非公式で訪れたのは、魔族側は、なんと魔王ブレニン本人と宰相のガンズレーと護衛の騎士が数名。
人間の国からも王様自ら宰相と勇者に護衛の騎士数名を連れて来ていた。
最初からトップがでてくるとは思わなかったのビックリです。
普通は官僚みたいなのが来ると思っていたのに。
「久しぶりだな、エデン王よ」
「久しぶりブレニン陛下」
次にグラバドニアの王が挨拶にきた。
「お初にお目にかかる、エデン王ユキ殿。儂がグラバドニアの王、オニスト・シュヒーゲル・グラバドニアである。」
「こちらこそ、はじめまして、エデンの王、ユキヒト・カミヤです。どうぞユキと及び下さい」
「では、儂のこともオニストと呼んでくれぬか?」
「わかりました、オニスト殿。」
「この度はは息子が迷惑をかけてすまなかった。」
「済んだことです、こちらは気にしてませんよ、それよりも和平の道を選んでくれて喜ばしいかぎりです」
「魔王ブレニン殿も今回はよろしくお願いする。」
「ああ、こちらこそよろしくお願いする」
お互いに険悪な雰囲気はないようでよかった。
こうして、非公式ではあるが会談がはじまった。
まずは客室に両者をとおす。
「停戦ではなく、完全な和平で両者とも問題ないですね?」
「ああ、問題ない」
「こちらも問題ない」
「では調停式はエデン執り行います。準備ができ次第、両者に伝書鳥を送ります。細かな日程や調整はその時に行いましょう。エデンで取り行う限り、こちらも万全の警備体制ひかしてもらいますのご安心ください」
「ではブレニン陛下、当日は良き日になるよう、人間に国グラバドニアの王として心から望むものとする」
「それはこちらも同じことです。オニスト陛下。魔族の国ガルガンティスとしても望むものだ。それに今回はエデンが中立ち合いを行う。ゆくゆくは国交も開きお互いのすれ違いをなくしたいものだ。」
非公式ではあるが、両者の関係は良好なものになりそうだ。
「それにしても本当にエデンはモンスターが統治しているのだな?ユキ殿は、人間にしか見えないが?」
と、オニスト陛下が聞いてくる。
「私も人間とはいえぬでしょう、かれこれこの地に300年はいますから。」
ほとんど寝ていたみたいだけど、嘘は言ってない。
「なんと!?では、ユキ殿はどのような種族なのだ?」
「私は、植物系になりますかね?ドライアドのような存在としてお思いください」
「この国にはドライアドもいるのか!?伝説だと思っていたが。」
「ええおりますよ。彼女たちはもっと森の奥深くに住でいます。残念ながなかなかお会いする機会はないでしょう。彼女たちはあまり姿を現したがらないので。」
だって、本来のエデンにいるからね。何人かダミーにもつれ来た方がいいかな?
「そうか、それは残念だ。時に話しは変わるが、エデンは魔族との交易をしていると聞く、わが国とも国交を開き交易をすることは考えてはくれまいか?」
「もちろんんです、オニスト殿。その辺の詳細もいづれ詰めていきますしょう。」
こうして、非公式ではあるが、両者の会談は終わった。
後は、こちらの建築がいかに早くできるかだが、両国用に伝書鳥ををお互いにわたし、細かな調整もしてもらうこともになっているので多少の時間はあるだろう。

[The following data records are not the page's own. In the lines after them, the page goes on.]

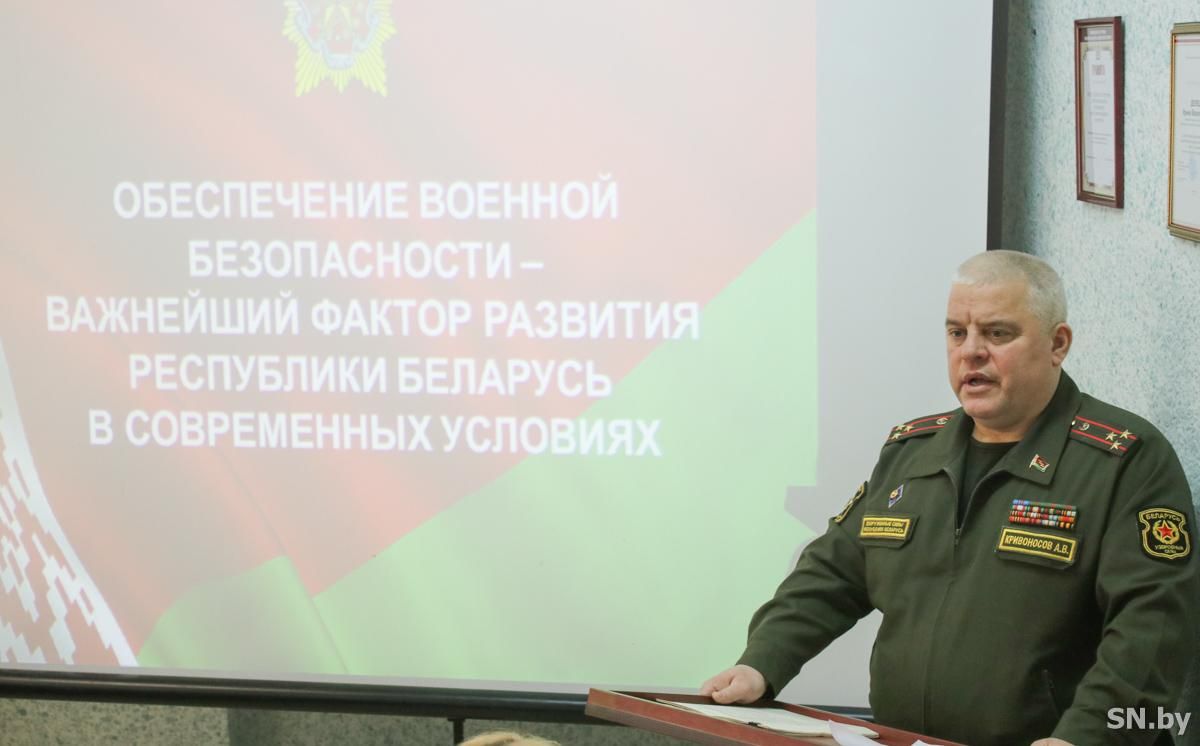 Андрей Владимирович подробно изложил основную концепцию безопасности, которая заложена в белорусской Конституции и обеспечена военной доктриной государства. Военный комиссар Гомельской области сказал, что «заложенные в Советском Союзе военные традиции мужества, преданности, нерушимого боевого братства продолжают определять облик современной белорусской армии»: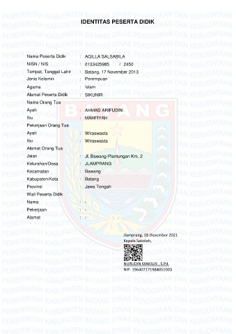 NISN / NIS : 0133425985 / 2450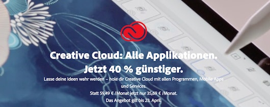 - 40% Rabatt: Adobe Creative Cloud für 35,69€/Monat bei Adobe.com (sonst: 59,49€/Monat)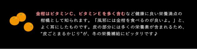 | この完熟きんかんは、ホントに生のまま丸かじりがおいしい “まるかじり”金柑と呼ばれる通り、甘く香り良く、皮もおいしい♪熟度の高い宮崎の完熟「たまたま」ならではのおいしさです。まるごと食べても、ほろ苦さが大人味のアクセントとして丁度よい加減であり、強い甘味がカバーしてくれている印象。決して甘酸っぱいではなく、口の中は【甘甘苦香香】って感じ♪外の皮はザクザクとした歯ごたえが心地よく♪内側の白い部分が果汁のある甘いところです。 |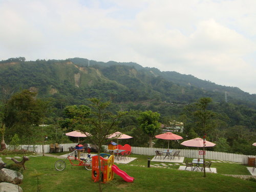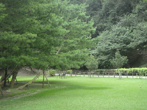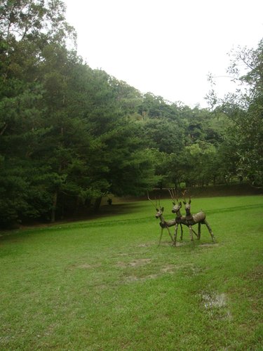 我們在這享受豐富大自然的美景,擁抱間單的幸福 綠油油的草皮上還有用木頭做來造景用的糜鹿 孩子們很想再綠油油的草皮上給它用力的奔跑一番 可是就因為前幾天下雨草皮上都還是濕濕的,所以沒讓孩子們奔放的跑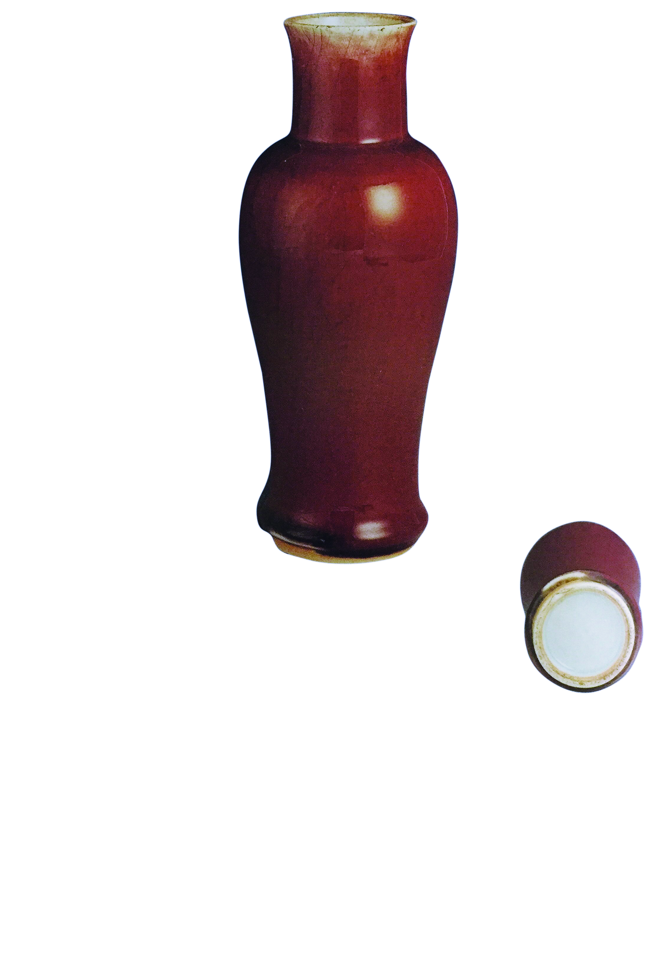 器高24.2、口径6、足径6.6厘米;器内白釉紧披胎体,色泛炒米黄,开有蝉翼般的无色细纹。胎体采用分段衔接,内腹部显露接胎痕。口端的“灯草边”已荡然无存,露出胎骨,系粉白釉易于剥落所致。器身釉面开有纵向长、横向短的交错纹片,釉色鲜红,釉面光洁、晶莹,呈宝光艳色,局部有雾气般的朦胧现象。釉内气泡细小,寥若星辰。口部红釉略薄,色泽浅淡,隐露胎色,即所谓“脱口”。器底处囤积有一周不过足的垂釉,釉厚,呈黑褐色,故郎窑红有“郎不流”之称。

この世界にはもともと伝書鳥を使う発想自体なかったみたいだし。
まぁエデンの伝書鳥は言葉も理解するので普通の伝書鳥より賢いのだがね。
進化の力様様である。
非公式の会談が終わって2ヶ月が過ぎたころには両国とも概ね和平の詳細を詰めたようだった。
あとは調停式で調停をしてお互いにサインしたら終わりなんだが、まだ調停の式場が出来上がってない。
参列するにあたって、魔族の国ガルガンティスも人間の国グラバドニアも結構な人数が来ることになったみたいだ。
大方、エデンの視察を兼ねているのだろう。
4大精霊達とも話し合い、こちらは完全武装でお出迎えの予定。
何かあれば大変だからね。
向こうもきっと護衛の騎士を連れ来るだろうし、宿舎を作るだけでも大変なのだ。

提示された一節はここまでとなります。